Other panelists also offered actionable steps moving forward.
Poon said it was important for county agencies like CalOptima to “continue conversations and engagement with community-based organizations, to get feedback so we’re not just looking at it from the traditional view of one-size-fits-all.”
Sen-Matthews spoke about their long-term goal of encouraging Cambodian youth to pursue healthcare as a profession. Currently in O.C., there is only one Khmer-speaking doctor.
She added that when the Cambodian Family was looking to hire a Khmer-speaking therapist, it took them a year to find someone, and he’s currently inundated with cases, especially during the pandemic.

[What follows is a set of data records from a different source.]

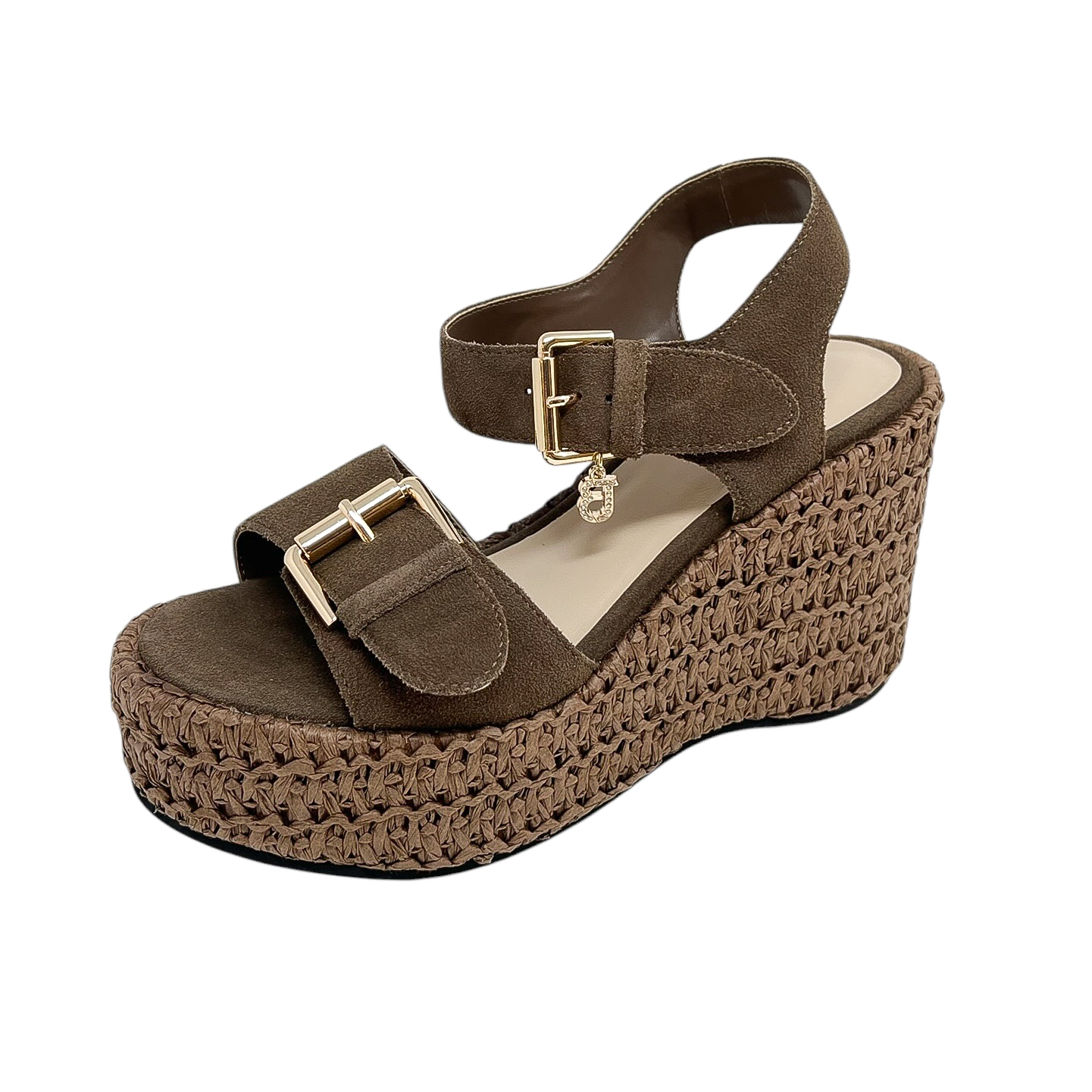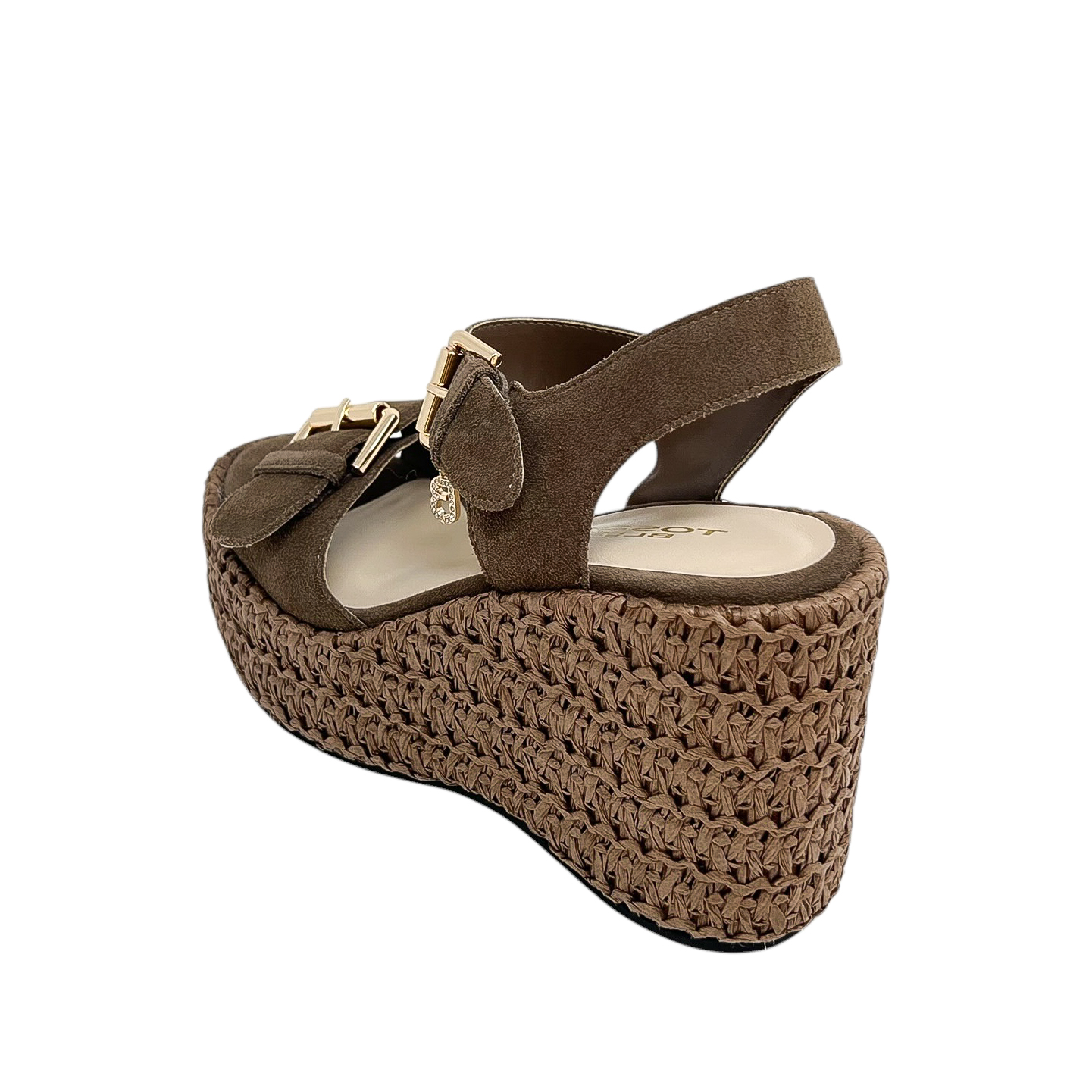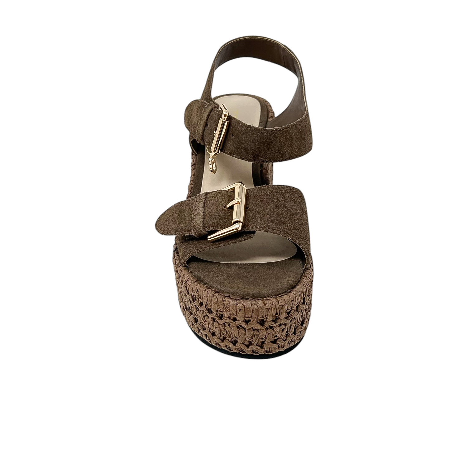 Sandalo in camoscio cioccolata con due fibbie e zeppa di 8 centimetri in rafia
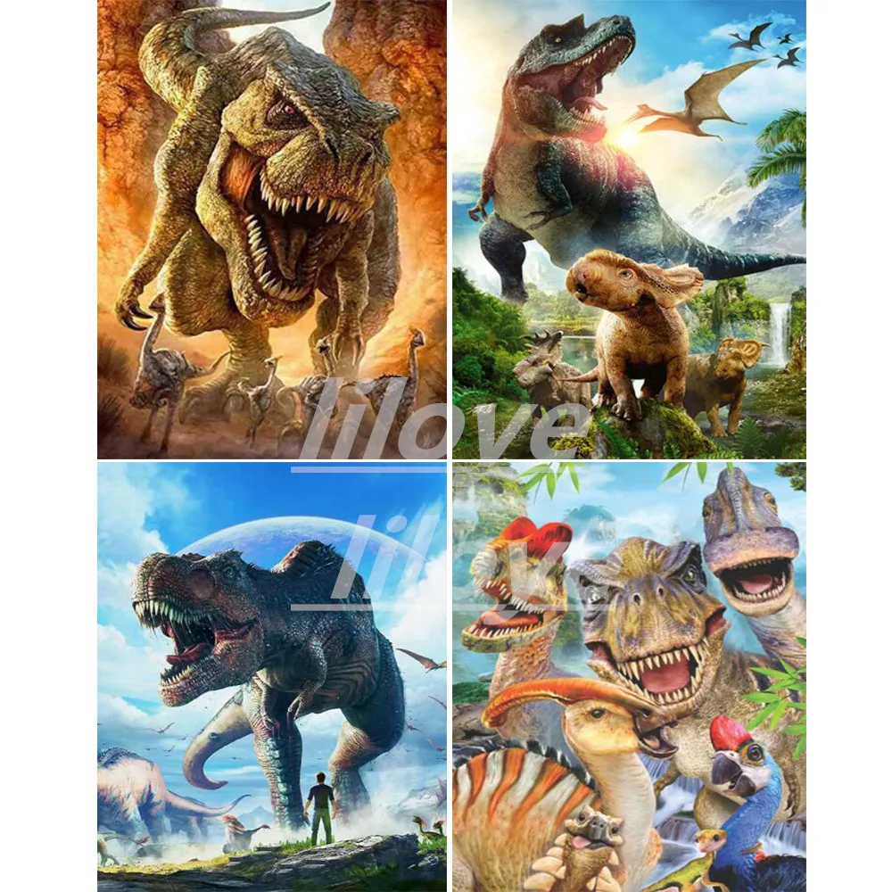 Алмазная 5D живопись сделай сам, картина с динозавром, квадратнаякруглая вышивка с животными, мозаика, украшение для дома
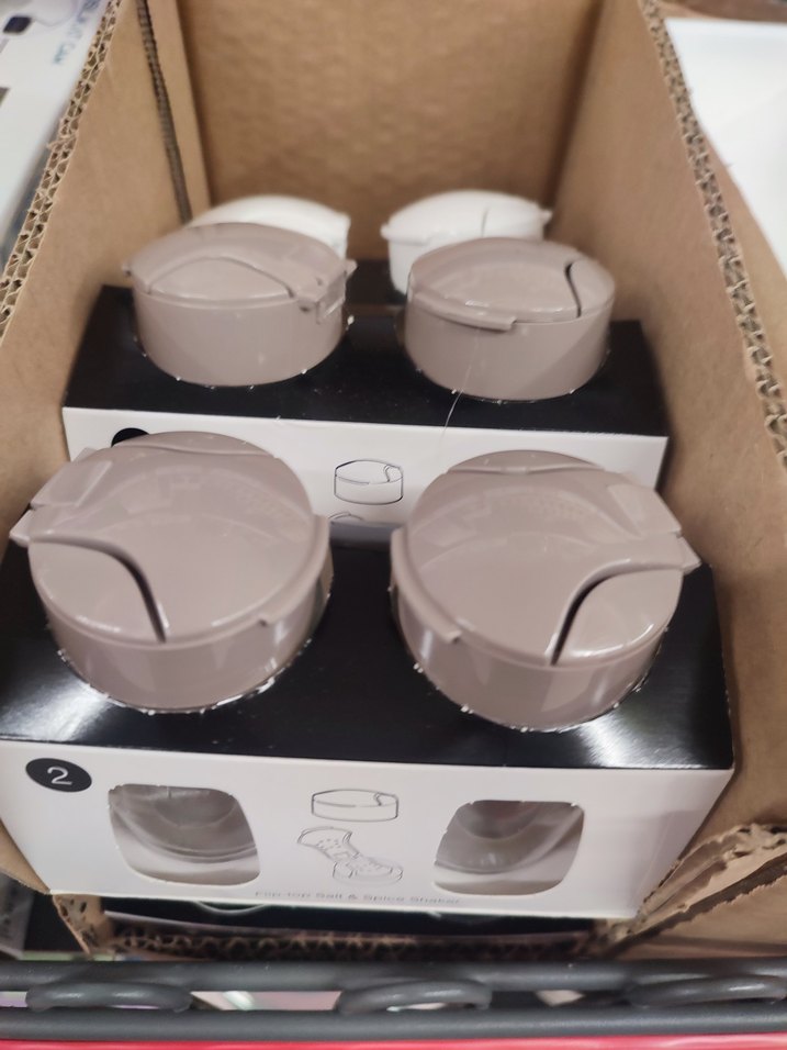 Bej ve gri renkli yiyecek saklama kapakları tuzluk ikili
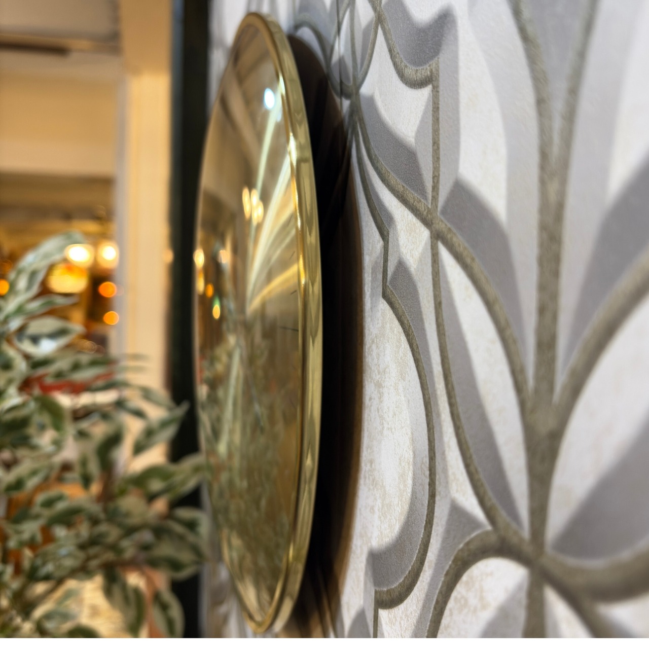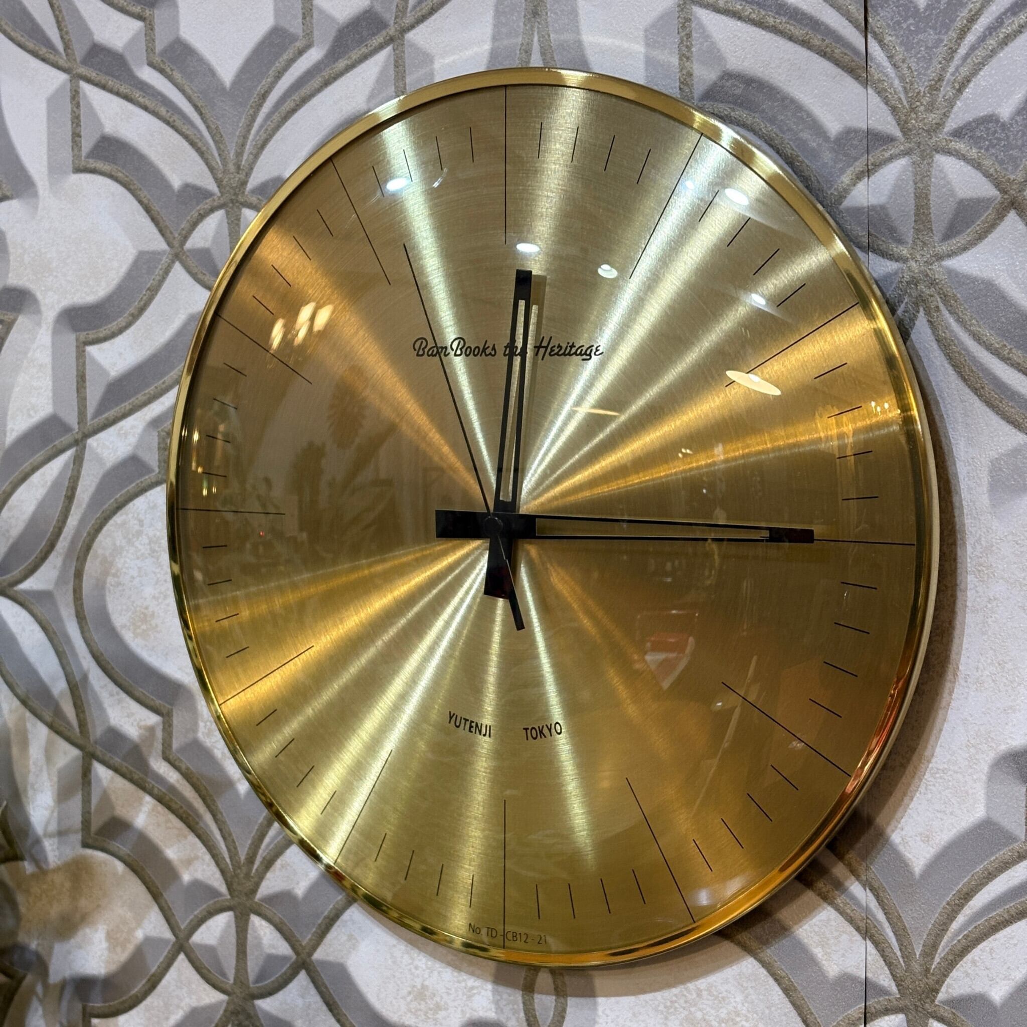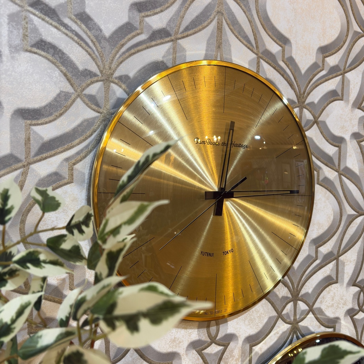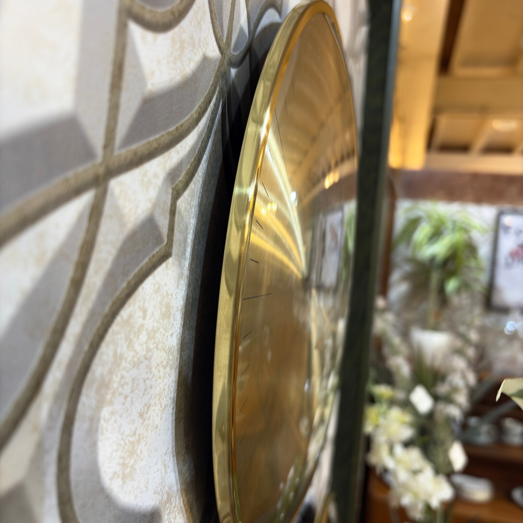 写真では店内の風景が映り込んでいますがこれはこのドームガラスの特性です。設置したお部屋の光や影、そして家具やアートといった空間そのものをガラスの曲面に映し込み、まるで時計自体が小さなアート作品のように周囲の風景を取り込んで変化します。角度や時間帯によって表情が変わるため退屈しない「生きたインテリア」としてお部屋に深みを与えてくれます。

Poon also spoke about CalOptima working with interns and trainees in the beginning stages of their medical careers, with the hope that they’ll continue to support vulnerable communities in the future.
After listening to his fellow panelists, Chau offered a bigger-picture perspective from his viewpoint as an administrator.
“One area we have to address is the sustainability issue of the healthcare system,” said Chau.
He explained that when funding is divided among so many specialized programs, it’s ultimately inefficient and unsustainable.
“It’s going to require all agencies to come together, work, integrate and find a solution that’s most appropriate for the community,” he said.
While Hoang acknowledged that funding is important for sustainability, he also wanted to highlight the impact that community members can have through volunteer work.
“If each of us can donate something, contribute something, together we can create a bigger pool which can be a resource for the community,” he said. “We need to continue to inspire and bring people together to address these needs.”